-------- DATASET EXTRACT --------

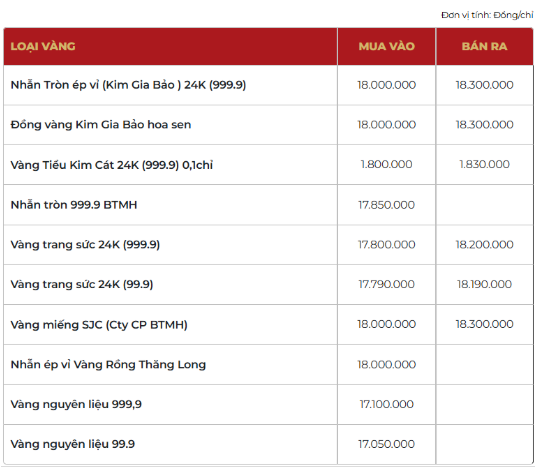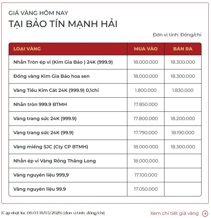 Giá vàng thương hiệu Bảo Tín Mạnh Hải được niêm yết sáng sớm ngày 18/03/2026.
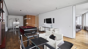 A 4-bedroom apartment with a total area of 458 m² in a premium class club house "Bryusov 19" in Tverskoy district. The apartment is located on the 7th floor, renovated in modern style, furnished with furniture and appliances. Layout: kitchen-living room, 4 bedrooms, 3 bathrooms, dressing room, hallway. Thanks to panoramic windows, the space is filled with natural light and offers views of the city.
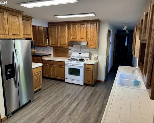 Detached Home, NO HOA. Charming Bright Corner lot Home has extra windows letting in lots of natural light that you will Love along with a Private Old World Cobbled Drive-up. This Sunny & Bright 3 level home is Well kept in Great condition. Kitchen cabinets refinished with newer doors plus a Brand New Range. Both Bedrooms have large Walk-in Closets. Total 2 1/2 Baths! Carpets have been replaced with Beautiful Vinyl Plank Flooring (Except Staircases for quiet). Tons of Storage with Huge Closets & Double Extra Deep Garage to park two cars in. Locked Private fully Fenced yard and covered clean Patio. Nice neighborhood & Great Schools, Clackamas Town Center & Mall 205 and all levels of Eateries.
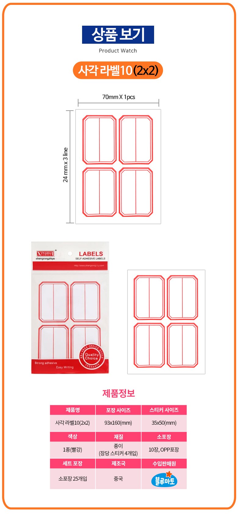 [블루마토] 사각라벨10(2*2), (1장-라벨4개)/(10P) /빨강(단품)
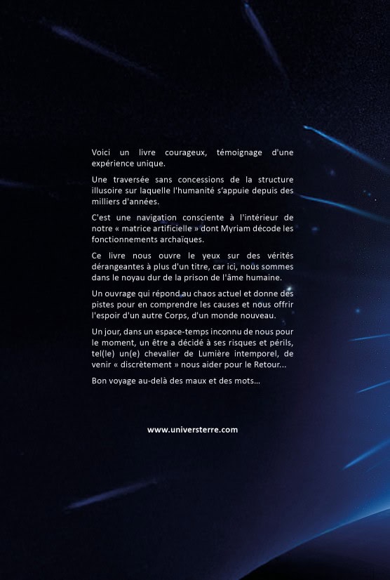 C’est une navigation consciente à l’intérieur de notre ” matrice artificielle ” dont Myriam décode les fonctionnements archaïques.

--------

▶ **YOUR OBJECTIVE**
So that the copy stays exact, reproduce each record word for word and leave its images out.

▶ **WRITTEN SOLUTION**
 Giá vàng thương hiệu Bảo Tín Mạnh Hải được niêm yết sáng sớm ngày 18/03/2026.
 A 4-bedroom apartment with a total area of 458 m² in a premium class club house "Bryusov 19" in Tverskoy district. The apartment is located on the 7th floor, renovated in modern style, furnished with furniture and appliances. Layout: kitchen-living room, 4 bedrooms, 3 bathrooms, dressing room, hallway. Thanks to panoramic windows, the space is filled with natural light and offers views of the city.
 Detached Home, NO HOA. Charming Bright Corner lot Home has extra windows letting in lots of natural light that you will Love along with a Private Old World Cobbled Drive-up. This Sunny & Bright 3 level home is Well kept in Great condition. Kitchen cabinets refinished with newer doors plus a Brand New Range. Both Bedrooms have large Walk-in Closets. Total 2 1/2 Baths! Carpets have been replaced with Beautiful Vinyl Plank Flooring (Except Staircases for quiet). Tons of Storage with Huge Closets & Double Extra Deep Garage to park two cars in. Locked Private fully Fenced yard and covered clean Patio. Nice neighborhood & Great Schools, Clackamas Town Center & Mall 205 and all levels of Eateries.
 [블루마토] 사각라벨10(2*2), (1장-라벨4개)/(10P) /빨강(단품)
 C’est une navigation consciente à l’intérieur de notre ” matrice artificielle ” dont Myriam décode les fonctionnements archaïques.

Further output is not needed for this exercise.